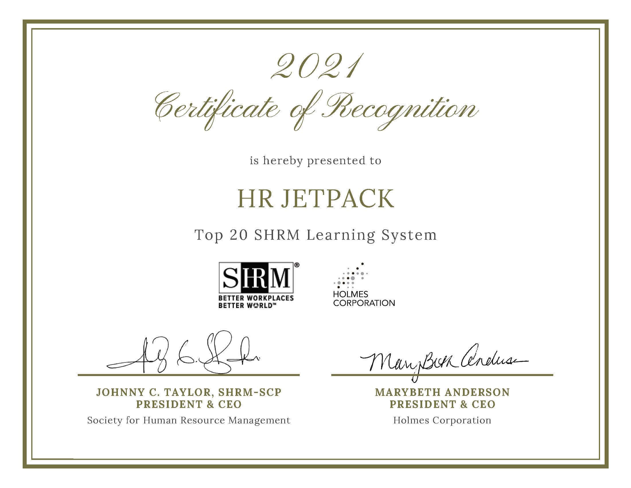 Known for their award-winning programs, HR Jetpack’s success comes from combining their team of experienced instructors with a fully customized and effective learning experience. The combination of high-quality HR training with the best platform technology available has made HR Jetpack a top choice for HR Professionals.
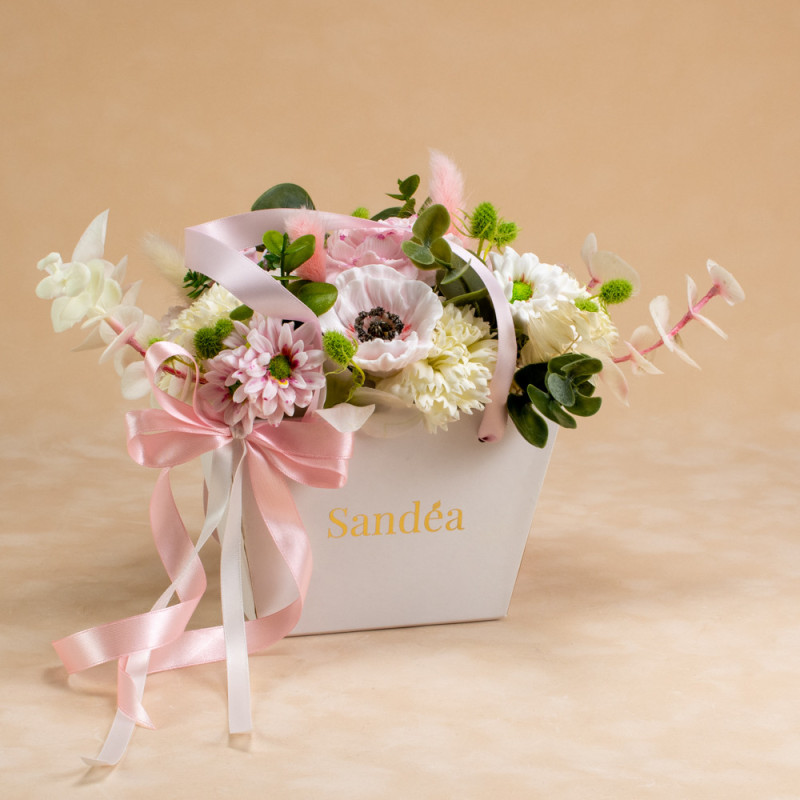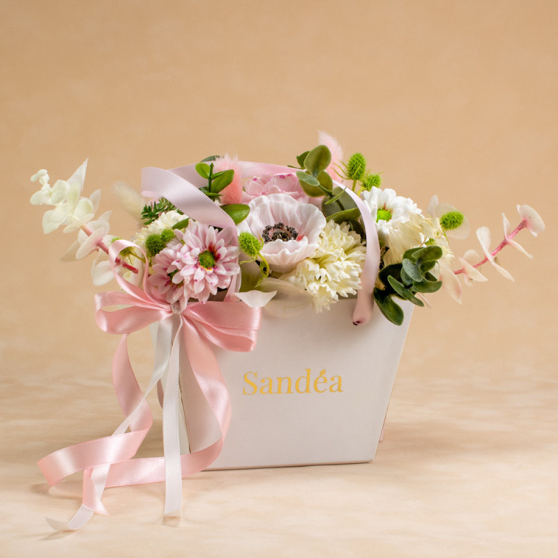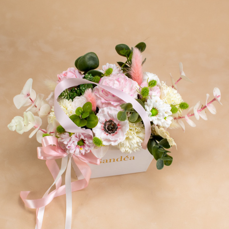 Proljetna Rapsodija je ručno izrađeni cvjetni aranžman od sapuna koji kombinira sapunske cvjetove s dodatkom suhog i umjetnog cvijeća, smješten u elegantnu bijelu kutiju.
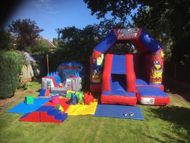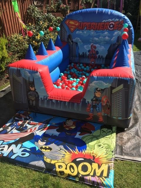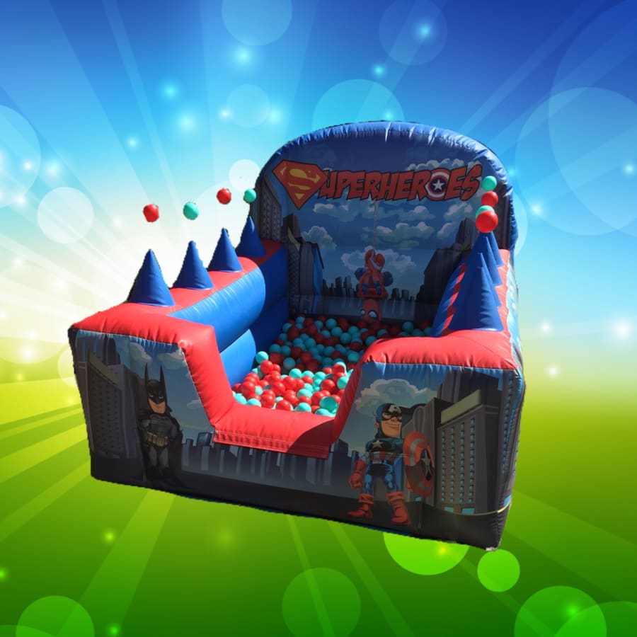 Why not add on our new Superhero Ballpool with added air jugglers to your bouncy castle and go all out with the fun!
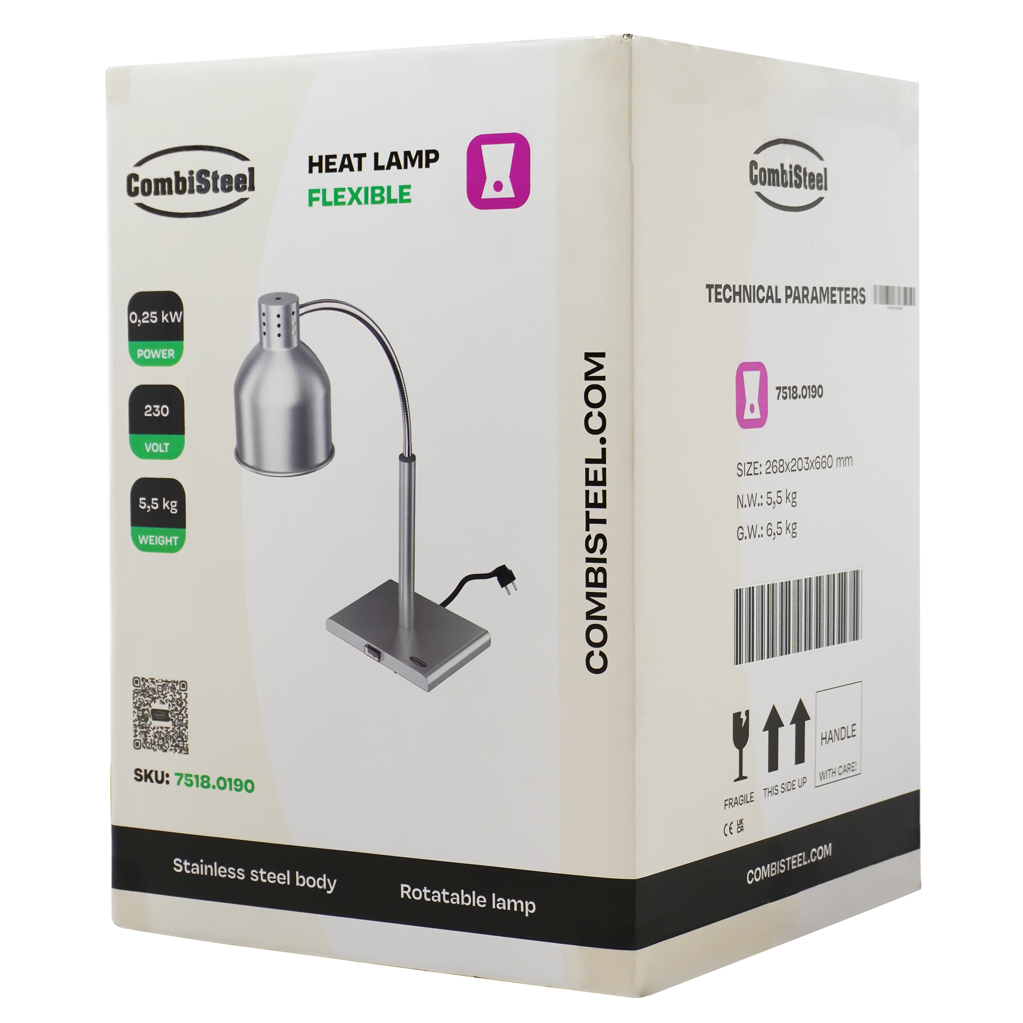 Notre lampe chauffante est un complément essentiel à toute cuisine professionnelle et à tout environnement de restauration. Cette lampe compacte et robuste est fabriquée en fer, ce qui garantit sa durabilité et sa stabilité. Grâce à sa lampe puissante, elle offre une distribution efficace de la chaleur, parfaite pour maintenir la température optimale de service, des entrées aux desserts, tout en préservant la fraîcheur et la saveur. Dimensions : 268x203x660 mm (LxLxH) – consommation : 0,25 kW – poids : 5.5 kg.

* _YOUR ASSIGNMENT_
Using the data above, print only the lines starting at the one with "Proljetna Rapsodija je" and ending at the one with "Why not add", exactly as they stand, minus the pictures.

* _RESPONSE TO THIS EXERCISE_
 Proljetna Rapsodija je ručno izrađeni cvjetni aranžman od sapuna koji kombinira sapunske cvjetove s dodatkom suhog i umjetnog cvijeća, smješten u elegantnu bijelu kutiju.
 Why not add on our new Superhero Ballpool with added air jugglers to your bouncy castle and go all out with the fun!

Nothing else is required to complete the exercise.